Data extracted from a collection -

+++++

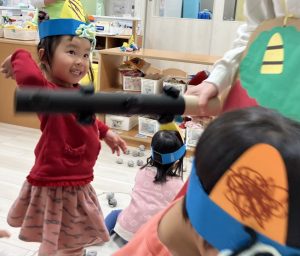 みんな「おには〜そと!ふくは〜うち!」と豆まきをしましたダッシュ (走り出すさま)
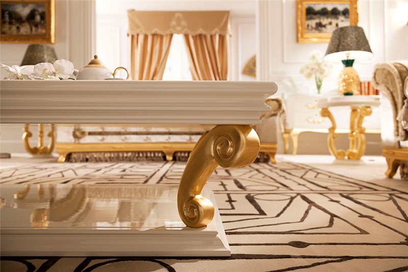 Sofa with a semiremovable seat covering. Fir wood and poplar multilayer structure. Non-deformable polyurethane foam upholstery with different densities. Reversible seat cuschions with down filling and SUPER-SOFT-SYSTEM springs. Armrest coverings, two upholstered cuschions and beechwood feet. Upon request cuschions and backrests adorned with fringed ribbon. Finish in gold or silver leaf with a choice of premium price. There is a bed version with one electro-welded standard support with H12 spring mattress.
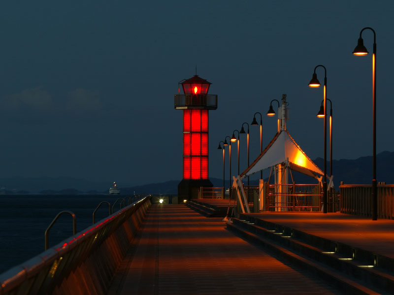 灯台全体が発光しているので、夕暮れ時から夜にかけてロマンチックな雰囲気が楽しめます。
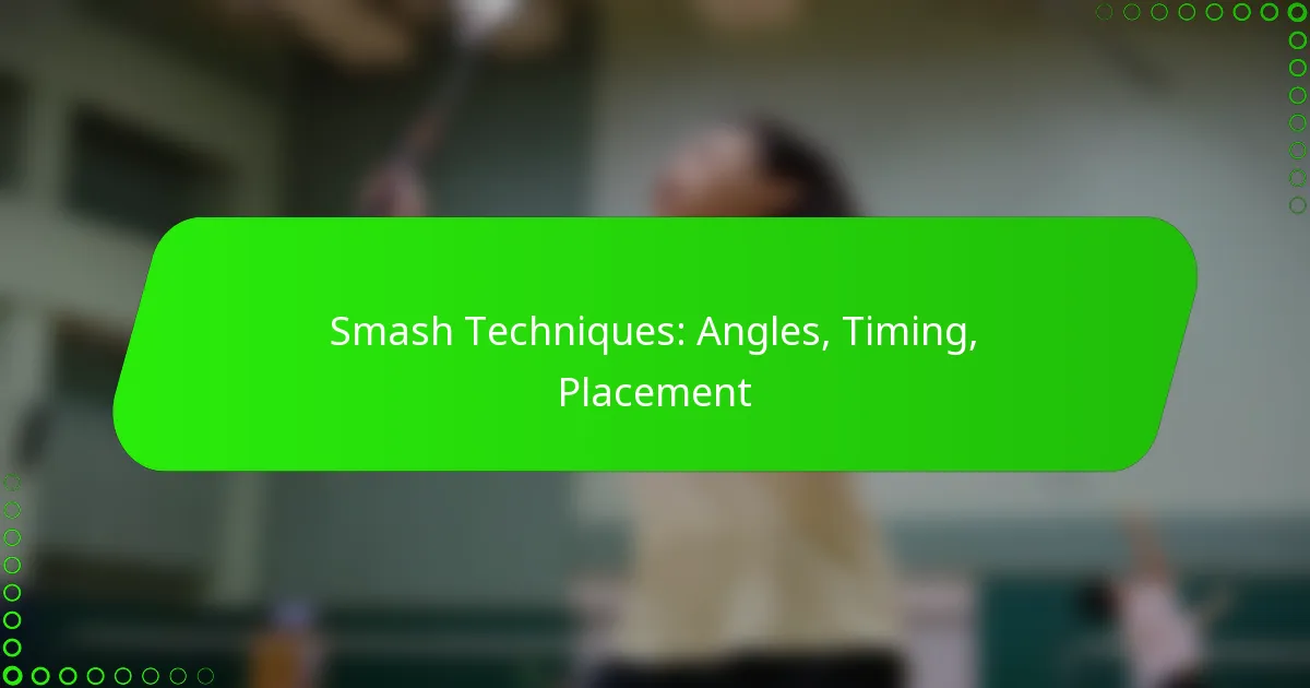 Mastering smash techniques involves a keen understanding of angles, timing, and placement to enhance performance in sports like badminton and tennis. By effectively utilising these elements, athletes can deliver powerful shots that challenge their opponents and exploit weaknesses on the court. Timing is essential for maximising both power and accuracy, while strategic placement can create opportunities for scoring by making returns difficult for the opponent.
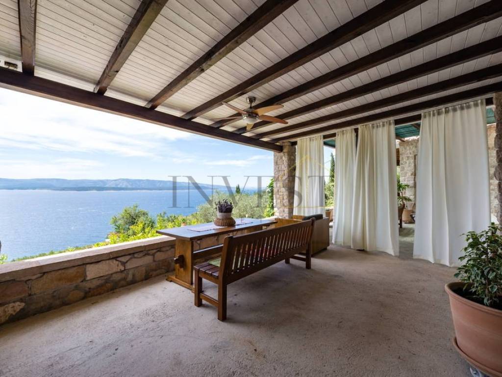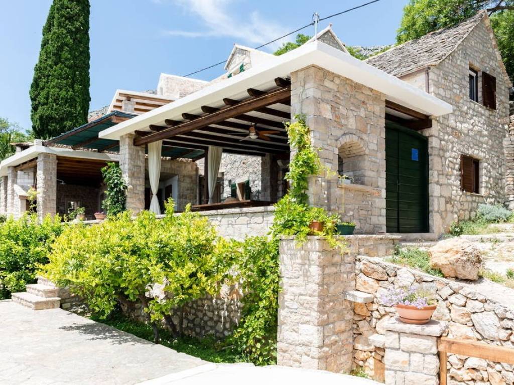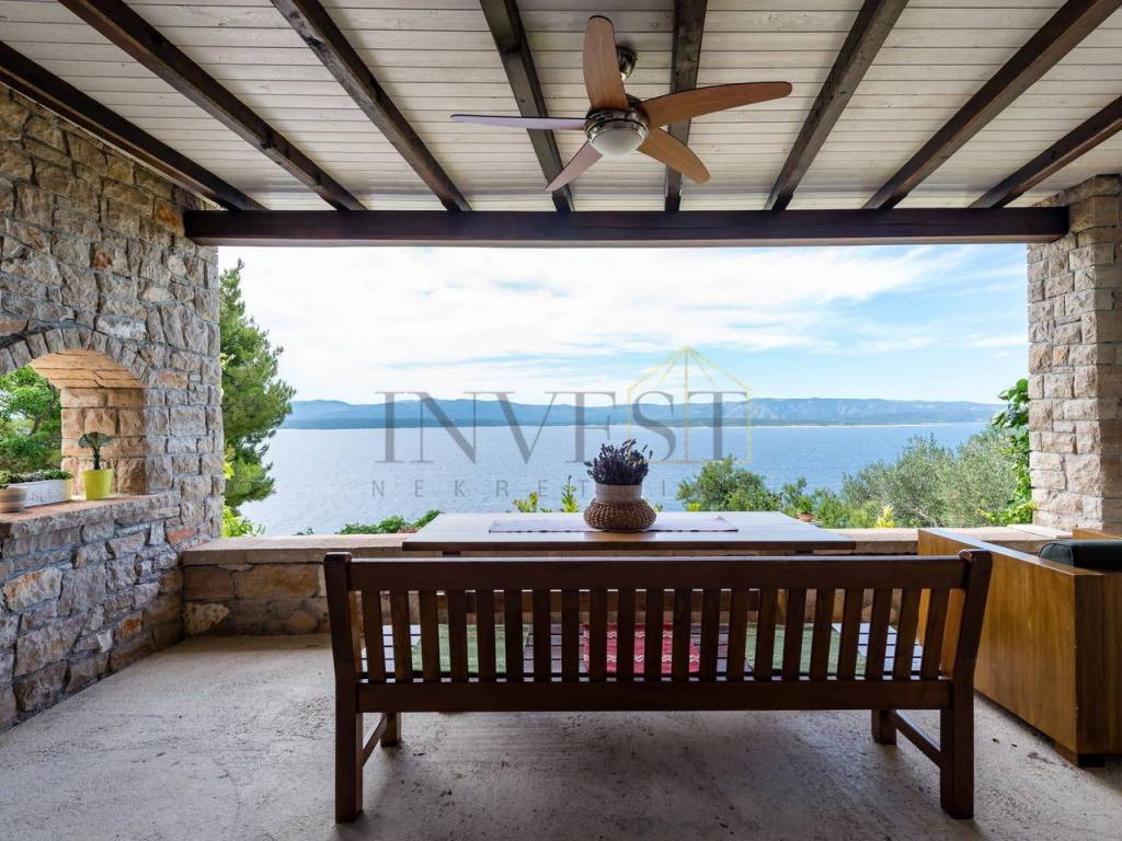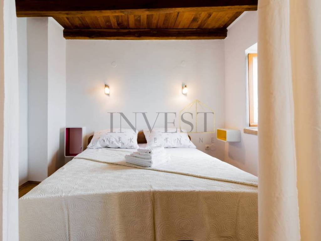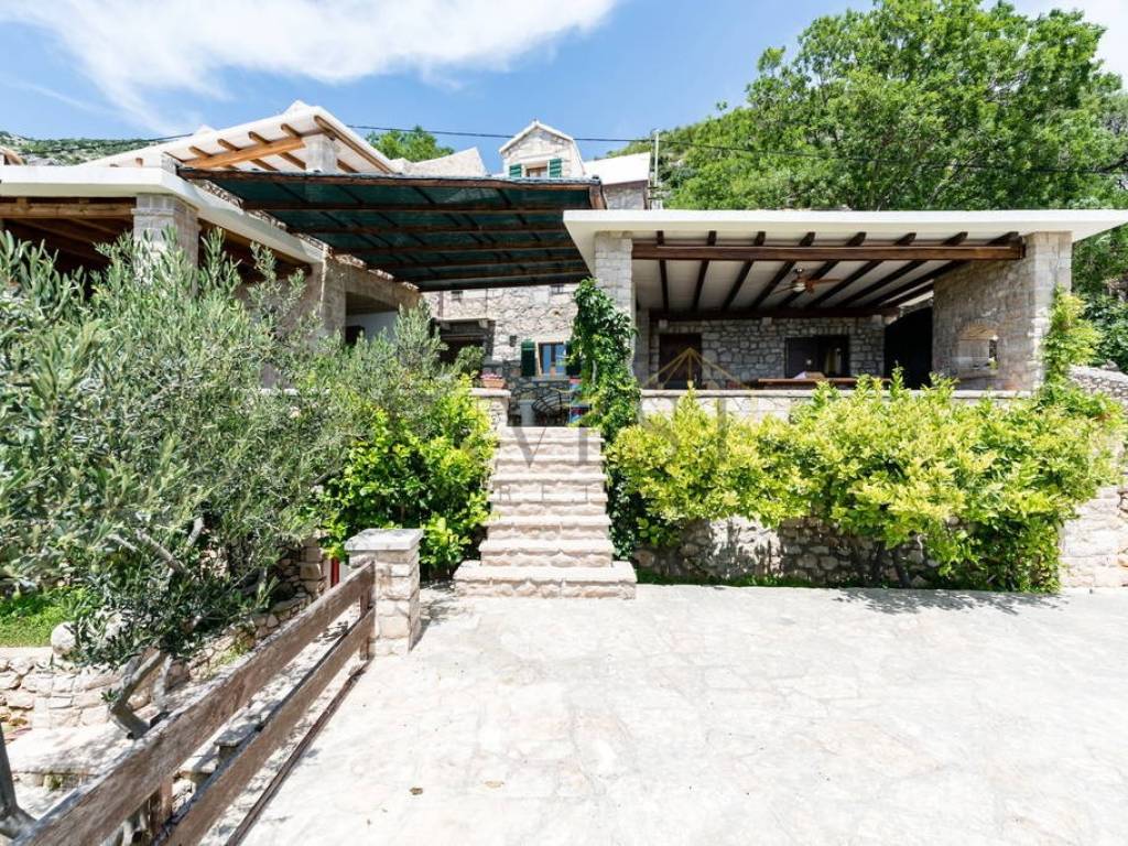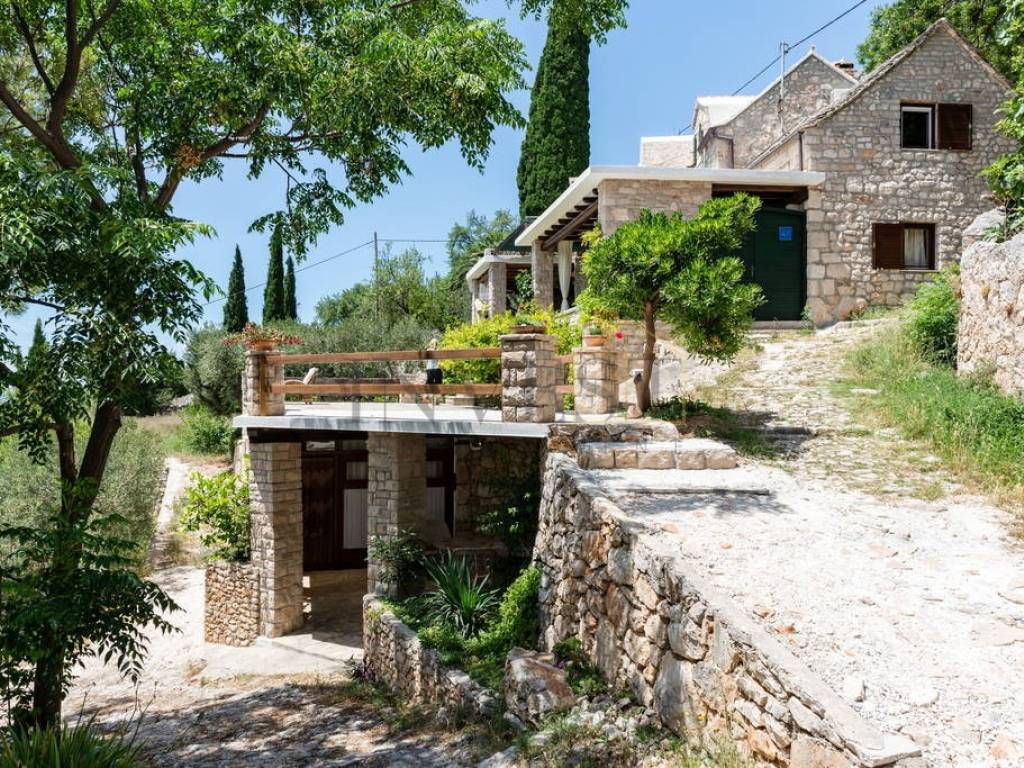 A unique stone house on three floors is for sale in Bol on the island of Brač. The property consists of a main house with a spacious living room, kitchen, dining room and bathroom on the first floor, two bedrooms and an additional bathroom on the second floor and a large bedroom with access to the terrace on the third floor. In addition to the main house, the property includes two duplex apartments with a kitchen, dining room and bathroom on the ground floor and a bedroom on the first floor, as well as two ground floor apartments with a kitchen, living room, dining room, bathroom and bedroom, one of which can be converted into an authentic Dalmatian tavern. The property has secured parking for up to five vehicles, all connections are available, all apartments are air-conditioned, and the main house on the first floor has underfloor heating. The location is extremely attractive, a walking path leads directly to the sea and one of the most beautiful beaches on the island, while the center of Bol is only a five-minute drive away, with restaurants, cafes and shops. This property is ideal for a family stay, but also as an investment for tourist rental, thanks to the diverse spaces and excellent location.
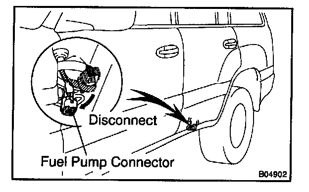 5. If you have no TOYOTA hand-held tester, connect the positive (+) and negative (-) leads from the battery to the fuel pump connector.
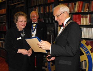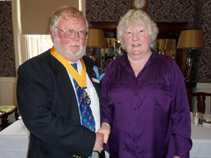 Joint President Gloria Heywood introducing President Elect Malcolm Lyons.
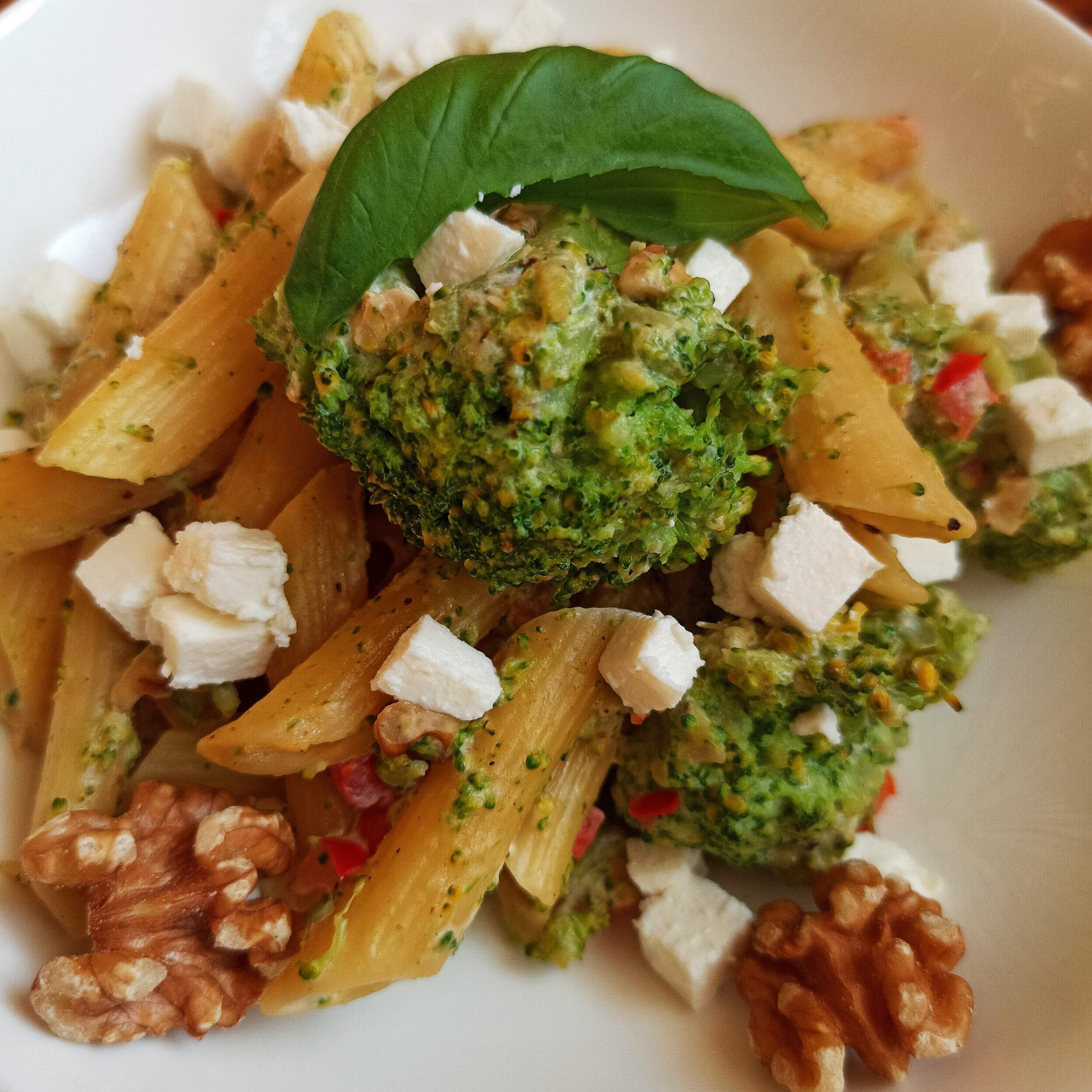 Przepis na ekspresowy w przygotowaniu, pyszny makaron z brokułem, papryką, orzechami włoskimi…
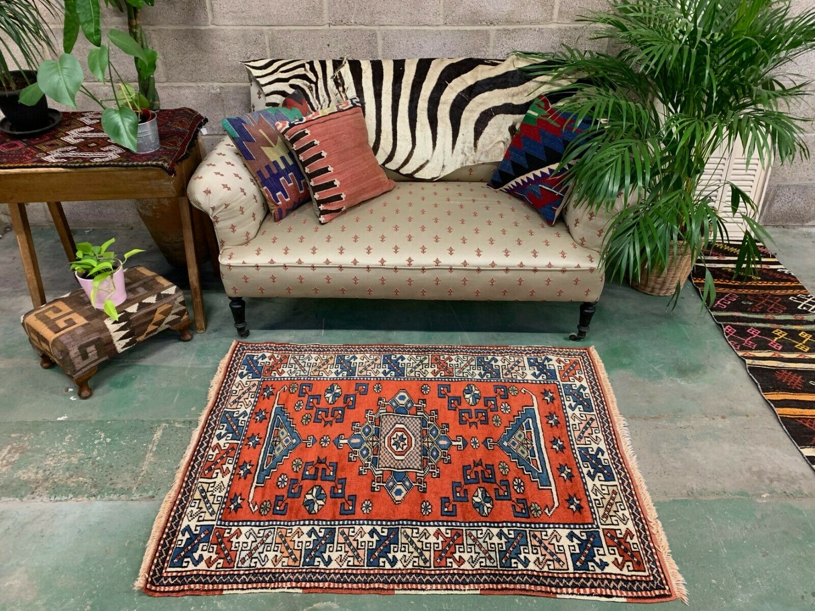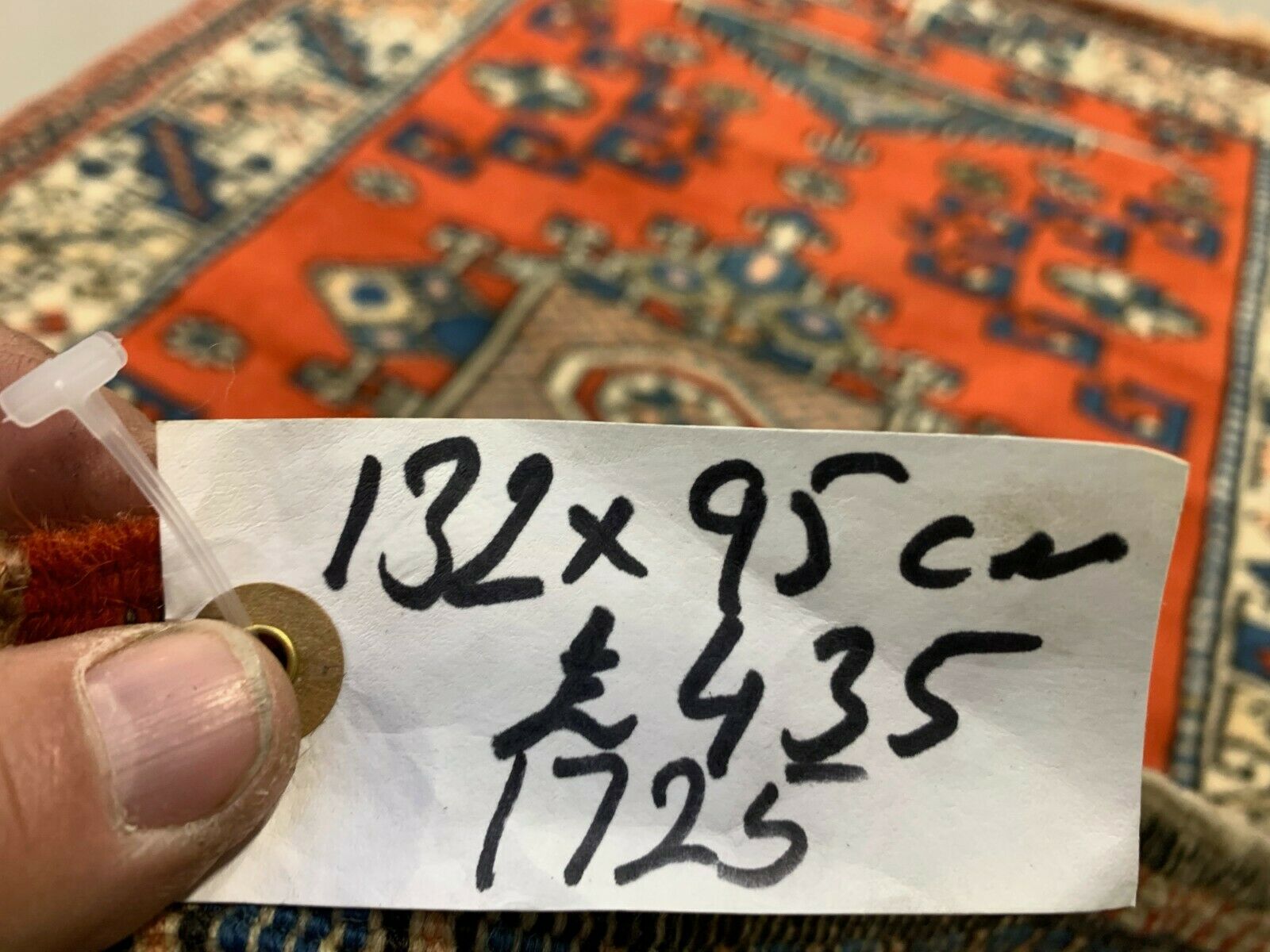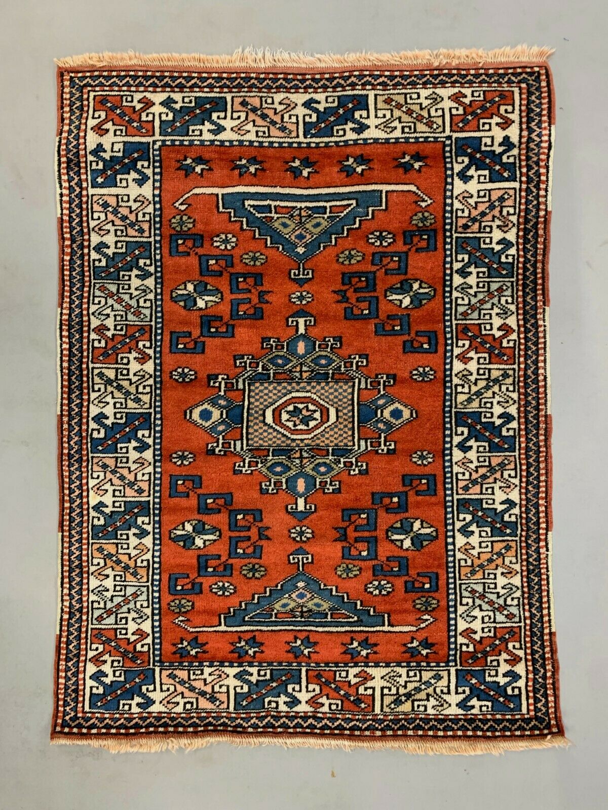 Old Turkish Kazak Rug Oriental 132x95 cm vintage tribal carpet, Red and Blue

+++++

Problem -
The pictures alone are to be left out when the data above is copied; all else must match exactly.

Expected answer -
 みんな「おには〜そと!ふくは〜うち!」と豆まきをしましたダッシュ (走り出すさま)
 Sofa with a semiremovable seat covering. Fir wood and poplar multilayer structure. Non-deformable polyurethane foam upholstery with different densities. Reversible seat cuschions with down filling and SUPER-SOFT-SYSTEM springs. Armrest coverings, two upholstered cuschions and beechwood feet. Upon request cuschions and backrests adorned with fringed ribbon. Finish in gold or silver leaf with a choice of premium price. There is a bed version with one electro-welded standard support with H12 spring mattress.
 灯台全体が発光しているので、夕暮れ時から夜にかけてロマンチックな雰囲気が楽しめます。
 Mastering smash techniques involves a keen understanding of angles, timing, and placement to enhance performance in sports like badminton and tennis. By effectively utilising these elements, athletes can deliver powerful shots that challenge their opponents and exploit weaknesses on the court. Timing is essential for maximising both power and accuracy, while strategic placement can create opportunities for scoring by making returns difficult for the opponent.
 A unique stone house on three floors is for sale in Bol on the island of Brač. The property consists of a main house with a spacious living room, kitchen, dining room and bathroom on the first floor, two bedrooms and an additional bathroom on the second floor and a large bedroom with access to the terrace on the third floor. In addition to the main house, the property includes two duplex apartments with a kitchen, dining room and bathroom on the ground floor and a bedroom on the first floor, as well as two ground floor apartments with a kitchen, living room, dining room, bathroom and bedroom, one of which can be converted into an authentic Dalmatian tavern. The property has secured parking for up to five vehicles, all connections are available, all apartments are air-conditioned, and the main house on the first floor has underfloor heating. The location is extremely attractive, a walking path leads directly to the sea and one of the most beautiful beaches on the island, while the center of Bol is only a five-minute drive away, with restaurants, cafes and shops. This property is ideal for a family stay, but also as an investment for tourist rental, thanks to the diverse spaces and excellent location.
 5. If you have no TOYOTA hand-held tester, connect the positive (+) and negative (-) leads from the battery to the fuel pump connector.
 Joint President Gloria Heywood introducing President Elect Malcolm Lyons.
 Przepis na ekspresowy w przygotowaniu, pyszny makaron z brokułem, papryką, orzechami włoskimi…
 Old Turkish Kazak Rug Oriental 132x95 cm vintage tribal carpet, Red and Blue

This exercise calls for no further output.